Alan Kennedy wrote:
> Hi Graham,
> I think yours is a good solution to the problem.
> [Graham]
> > In other words, leave all the existing CGI variables to come through
> > as latin-1 decode
> As latin-1 or rfc-2047 decoded, to unicode.
> > and do anything new in 'wsgi' variable namespace,
> So the server provides
> "wsgi.server_decoded_SCRIPT_NAME" == u"whatever"
> "wsgi.server_decoded_PATH_INFO" == u"whatever"
> "wsgi.server_decode_charset" == u"utf-8"
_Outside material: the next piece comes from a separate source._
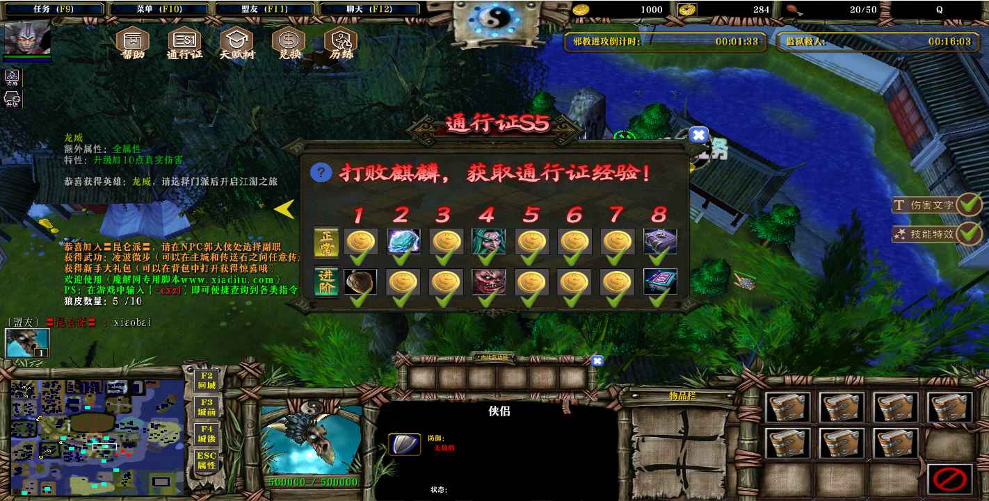 地图名字:决战江湖1.7.78地图下载+全商城特权+全存档+隐藏英雄+无CD+指令功能

I think everyone at the sprint today acquiesced to having
SCRIPT_NAME/PATH_INFO/QUERY_STRING be set in the environ as unicode. The
server can decide (probably subject to configuration). I've implemented
this in the python3 branch of CherryPy and it seems to work brilliantly.
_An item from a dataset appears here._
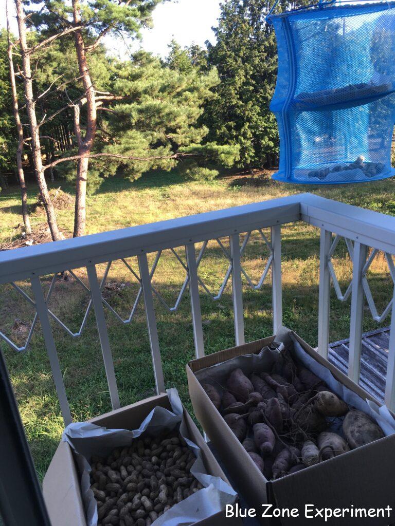 種取り用においていたダビデの星というオクラも茶色くなってきたので持って帰ってベランダに干しています。今はベランダは干すものが多くて賑やかです。落花生、サツマイモ二箱、種各種、干し芋など。干し芋はネットに入れて吊り下げて干していますが、気軽に取れるので、ついついつまみ食いしてしまい、あまり干さないうちになくなってしまいます。

Assuming the server *is* configurable, deployers should be able to
choose Latin-1 if they need to recover the original bytes, without
having to support a separate set of encoded-byte entries.

Side note: wrapping the wsgi.input fp in a DecodingWrapper before
handing it to cgi works great, too. No need to rewrite the cgi module to
support bytes as I feared.

Robert Brewer